Stored items
------------------------------
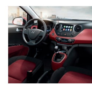
Black and Red
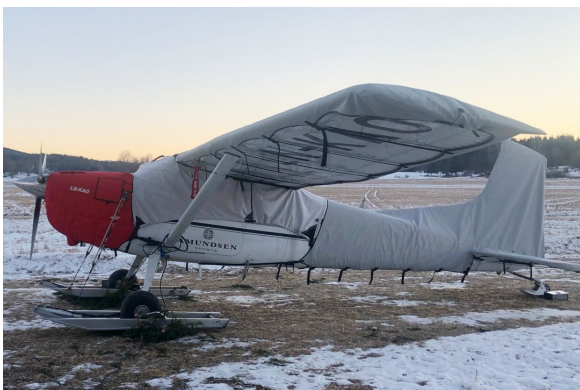
Cessna A185E Winter Cover Set

This cover type is made from Silver Acrylic Sunbrella canvas and is 100% lined with a soft and smooth microfiber. Bruce's Custom Covers developed this material combination especially for aircraft protection. The outer material is medium weight and treated for water resistance, UV resistance and anti-static buildup. The inner lining is a very soft and smooth microfiber to prevent scratching. The material is very reflective, and tests show that the cabin interior temperature can be reduced to near-ambient temperature on the hottest of days. It is water, ice and snow repellent, yet breathable to allow moisture to escape from between the cover and the aircraft surface.
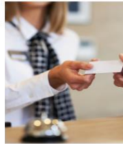
FRONT DESK & HOUSEPERSON
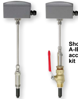
Shown with A-IEF-VLV-BR** accessory valve kit
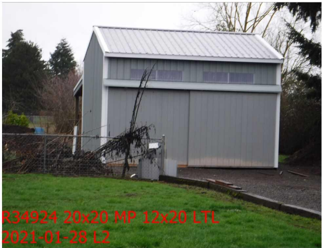
R34924 20x20 MP 12x20 LTL 2021-01-28 L2
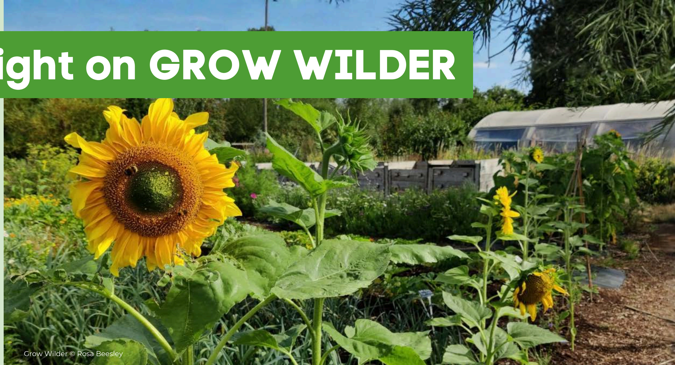
Grow Wilder

The ethos of Grow Wilder is to demonstrate the link between sustainable food production and benefits for nature and people in an urban setting , to inspire others to take action for nature in their neighbourhoods.
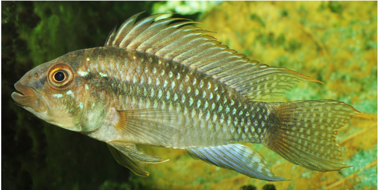
Fig. 9. Apistogramma megastoma sp. n., adult male; not preserved; coloration of non-territorial subdominant male in neutral mood.
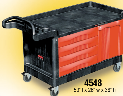
4548 59" l x 26" w x 38" h
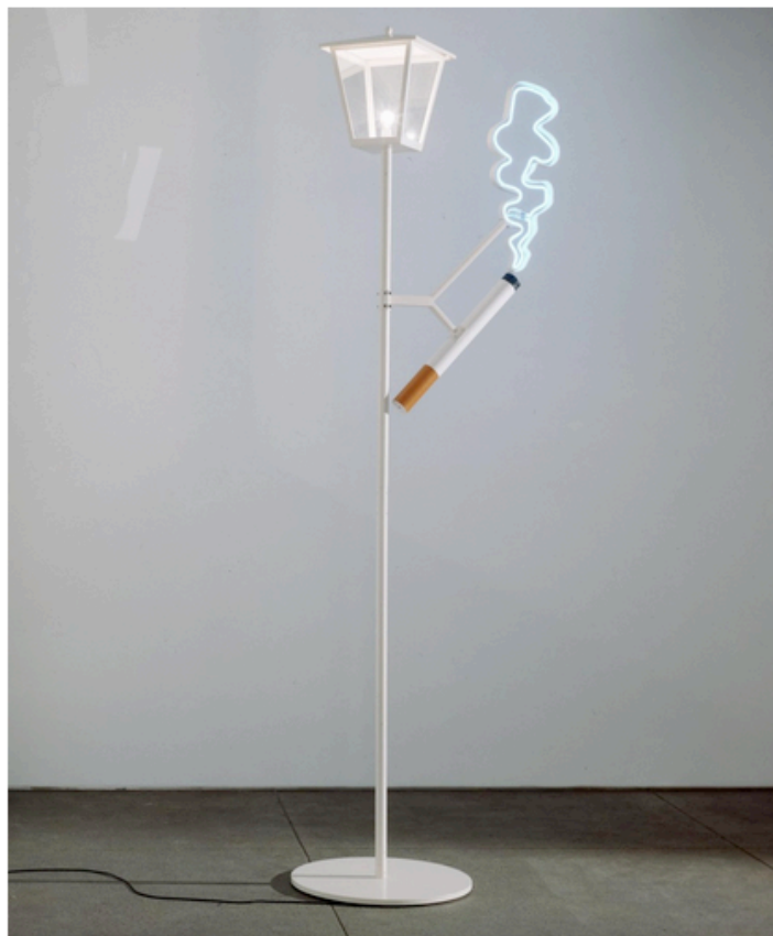
SMOKE 2008/2011 (CVB & MICHEL WUERTHLE) 2011 Steel, lacquer, plate-glass, spruce; SMOKE: Perspex, steel, lacquer, neon lamp, light-emitting diode 129.92 x 46 x 28 inches
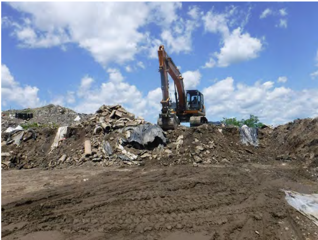
Photograph 2 - June 20, 2017: Segregating the bulky debris from the soil. Debris was placed on polyethylene sheeting (lower right) prior to sampling by LES.
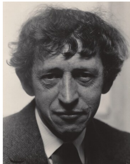
Alfred Stieglitz John Marin, the Water Colorist 1921/1922 gelatin silver print Key Set Number 709
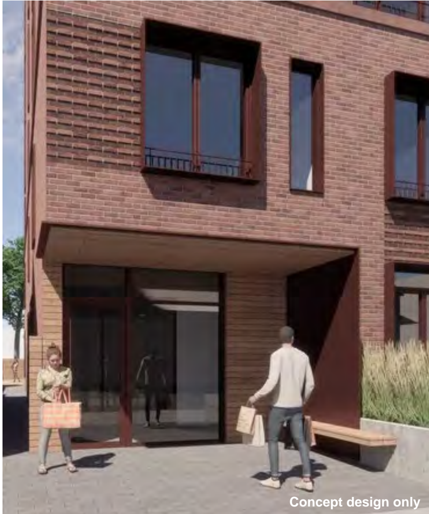
Concept design only
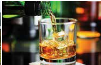
Sample scotch whisky
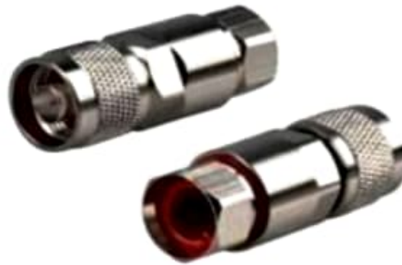
N (M) CONNECTOR FOR 1/2" FLEX AND SUPER FLEX CABLE (CLAMP)
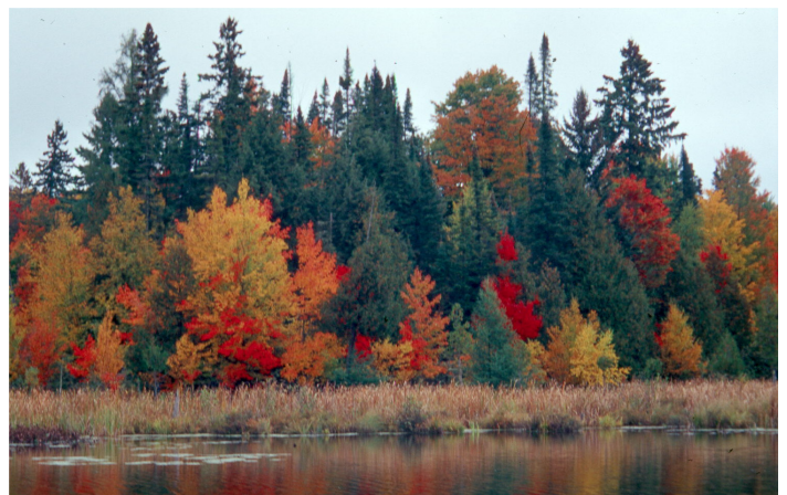
The Northwoods Land Trust's first Conservation Area Registry Program property looks to protect a beautiful section of stream in the Land O' Lakes area.
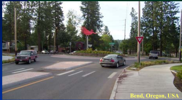
Bend, Oregon, USA
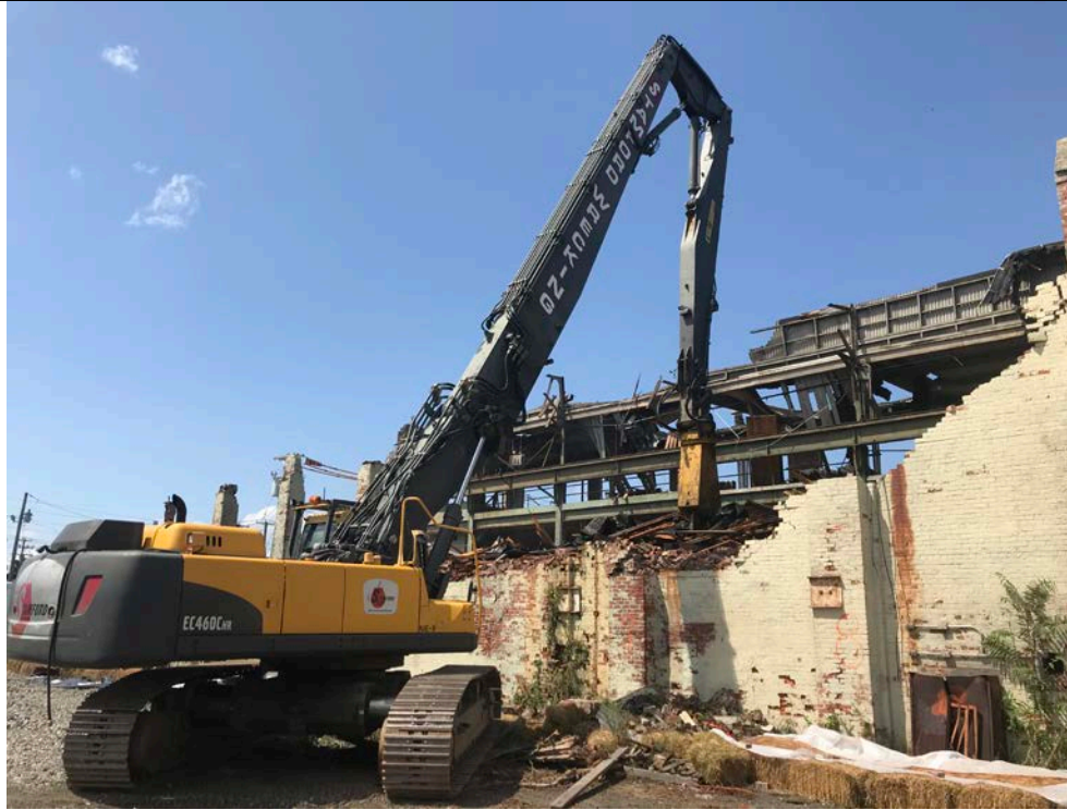
Photo 23: 8/9/2019, Demolition of the southern portion of Station B.
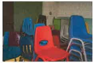
87- LOT OF (12) LARGE PLASTIC C
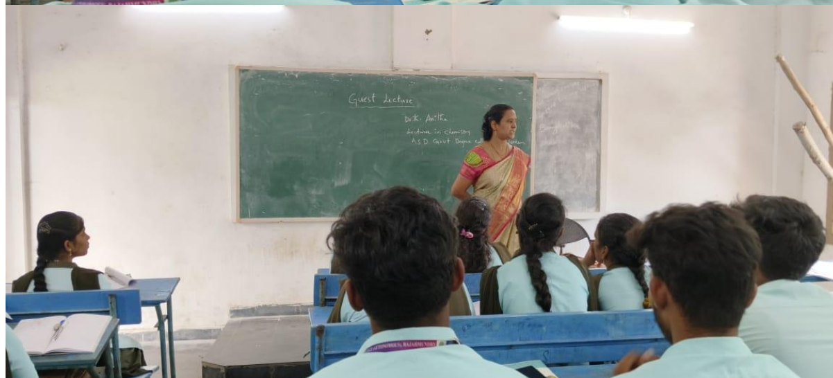
Guest lecture on “Structural theory in Organic Chemistry”
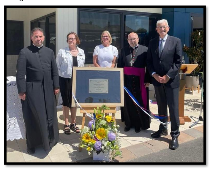
Blessing and Opening of Sacred Heart Centre

The day yesterday was very valuable and allowed us much appreciated time to work on SEQTA and Personalised Plans for Learning.
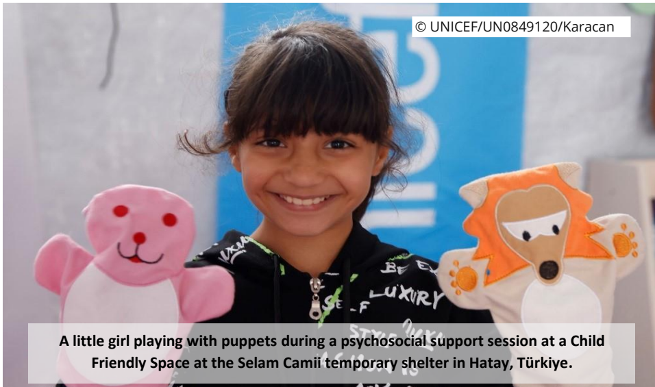
A little girl playing with puppets during a psychosocial support session at a Child Friendly Space at the Selam Camii temporary shelter in Hatay, Türkiye.
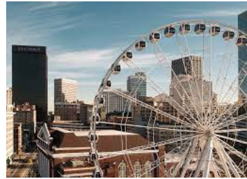
Skyview near Centennial Olympic Park
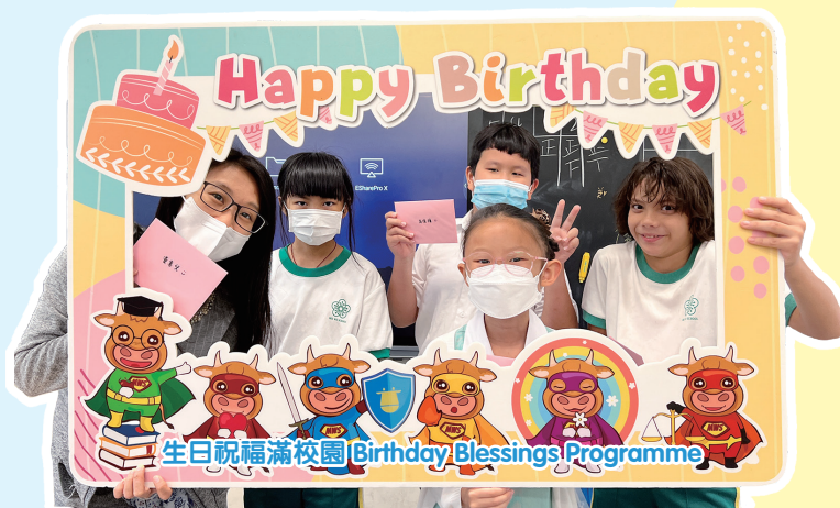
生日祝福滿校園 Birthday Blessings Programme

The school social worker also provides personal guidance services to students in need. The staff work closely with the guidance team to assist teachers with classroom management and discipline issues. It is important to identify students' problems early and provide appropriate support to teachers and pupils.
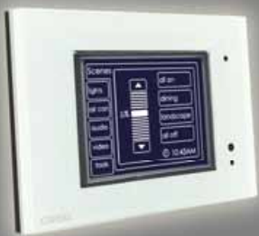
5080CT2,GF - without Logic Engine 5080CTL2,GF - with Logic Engine
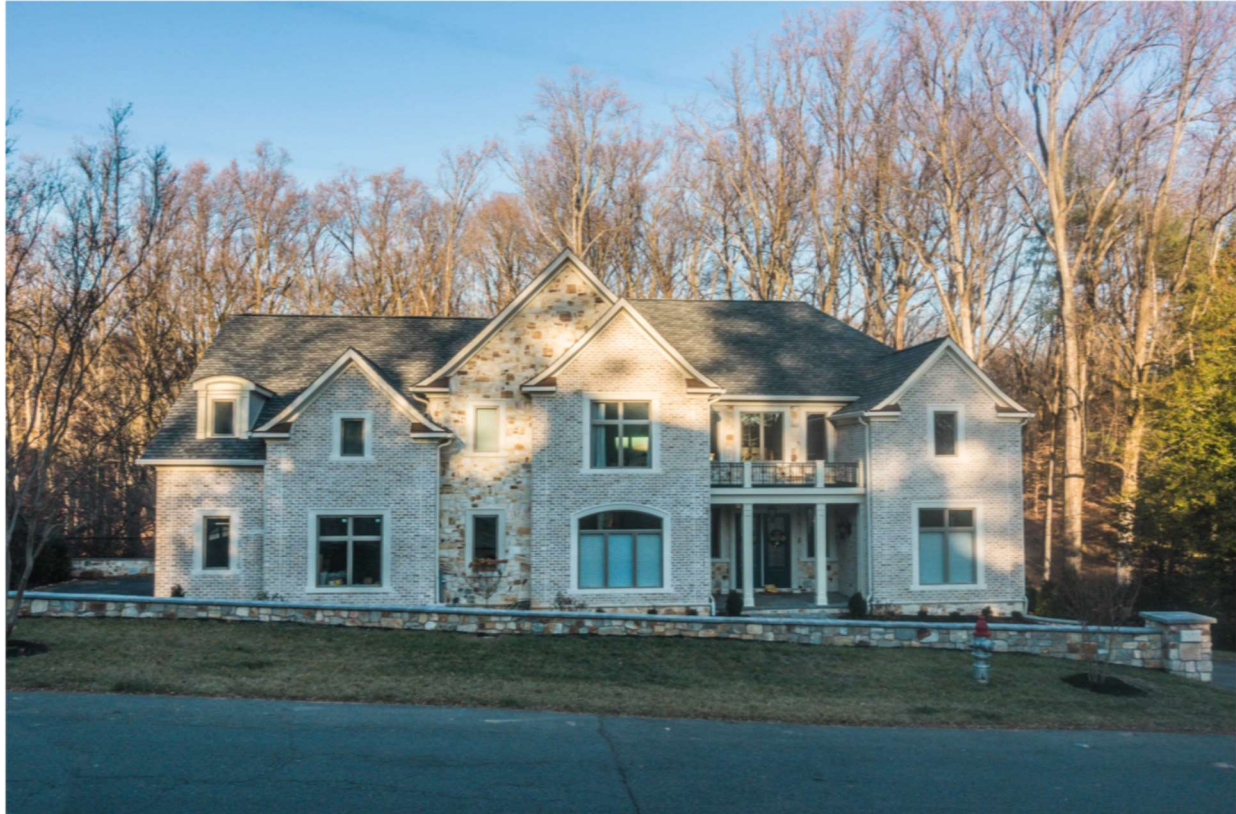
Elevation A - Standard
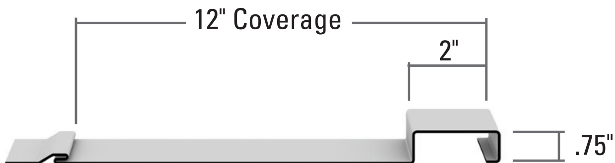
Nostalgia Board & Batten
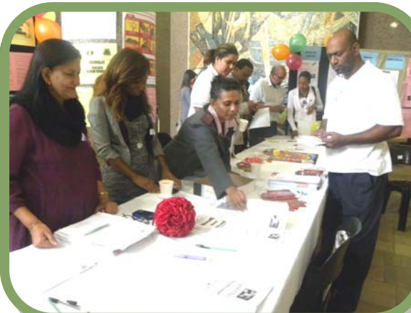
Staff attending the Epilepsy Event
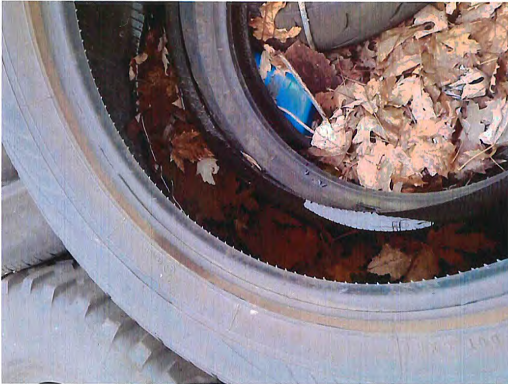
Date: 12/08/2014 Time: 9:42 A.M. Direction: west Exposure #: 035 Comments: water in tire
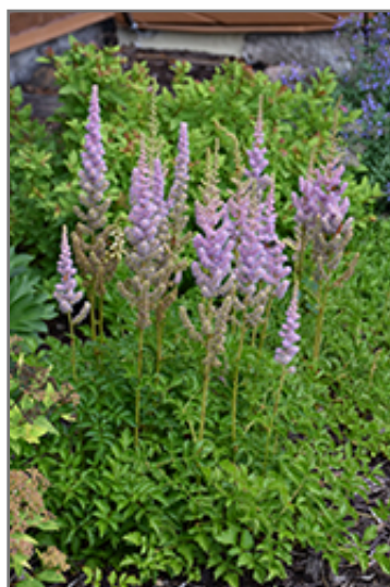
Dwarf Chinese Astilbe 'Pumila' in bloom
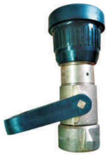
JET SPRAY NOZZLE
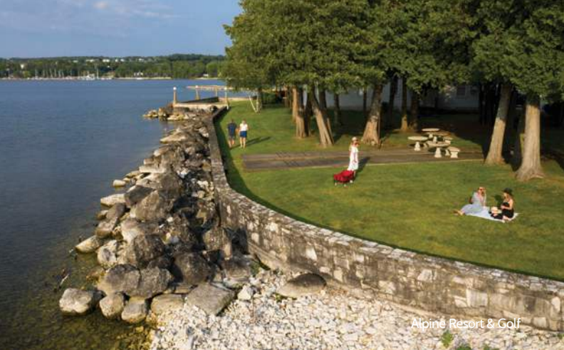
Alpine Resort & Golf
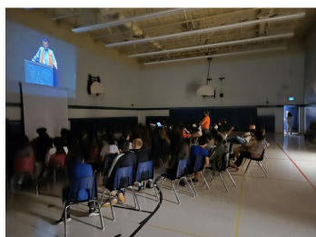
Truth and Reconciliation Presentation
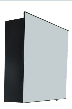
Modulo Behind the Mirror

Utilise the concealed space behind a mirror.
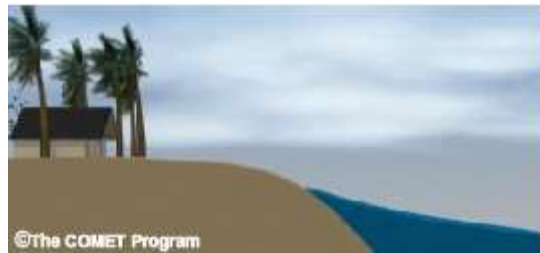
Surge animation with steep continental shelf (Click on Image to Play Video)

Adding to the destructive power of surge, battering waves may increase damage to buildings directly along the coast. Water weighs approximately 1,700 pounds per cubic yard; extended pounding by frequent waves can demolish any structure not specifically designed to withstand such forces. The two elements work together to increase the impact on land because the surge makes it possible for waves to extend inland.
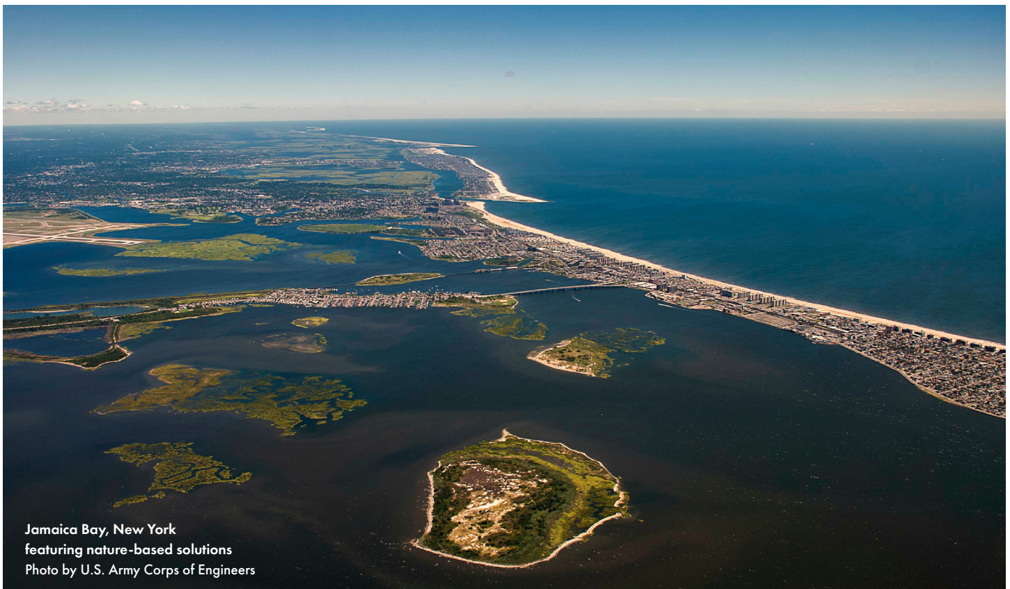
Jamaica Bay, New York featuring nature-based solutions
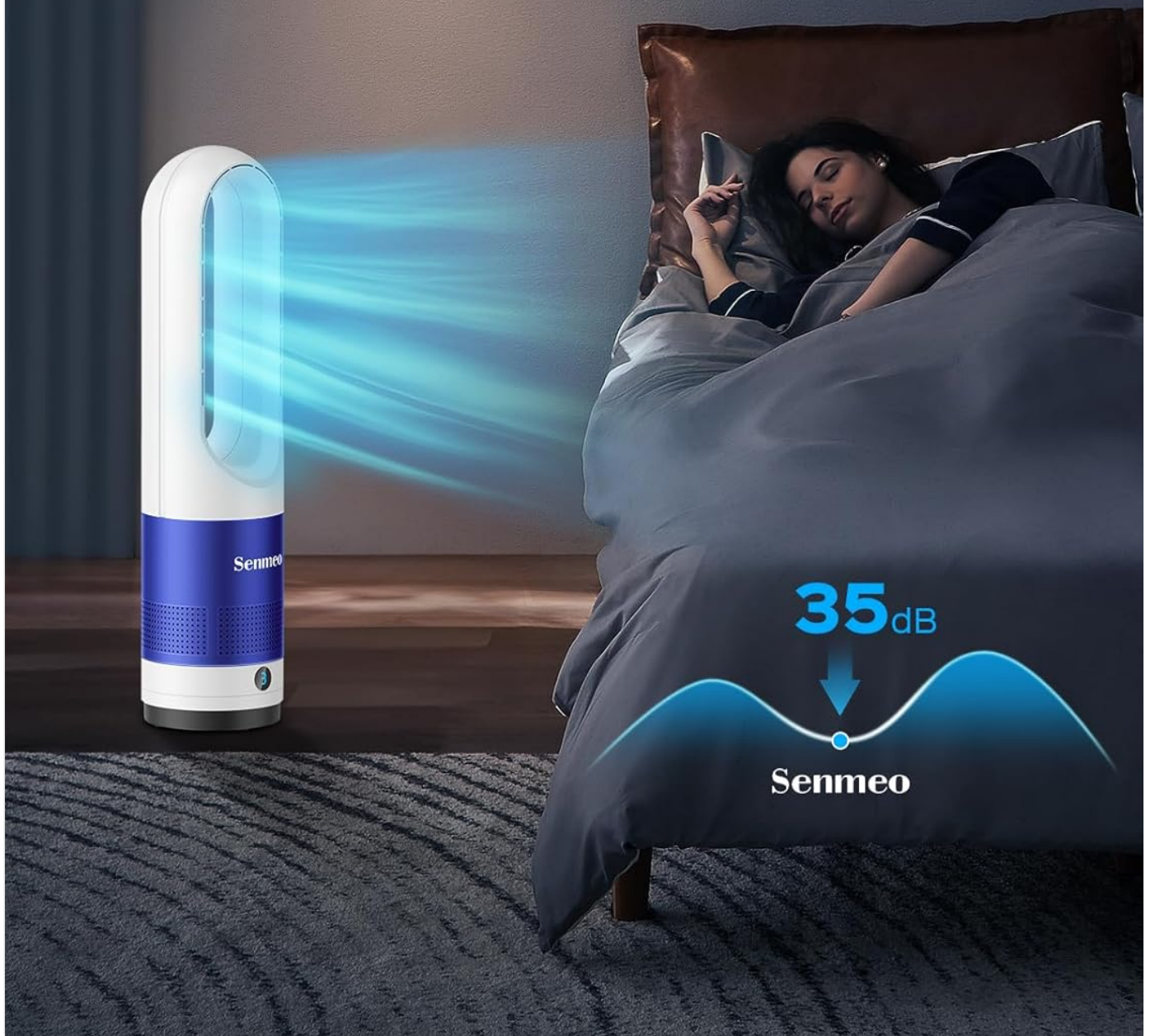
Figure 6: Quiet operation and LED auto-off for comfortable sleep.
------------------------------
> [Task statement]
Keep to the lines above from the line with "Date: 12/08/2014 Time: 9:42" to the line with "Surge animation with", and set down exactly those, inclusive, with nothing else and every picture left out.

> [Output below]
Date: 12/08/2014 Time: 9:42 A.M. Direction: west Exposure #: 035 Comments: water in tire
Dwarf Chinese Astilbe 'Pumila' in bloom
JET SPRAY NOZZLE
Alpine Resort & Golf
Truth and Reconciliation Presentation
Modulo Behind the Mirror

Utilise the concealed space behind a mirror.
Surge animation with steep continental shelf (Click on Image to Play Video)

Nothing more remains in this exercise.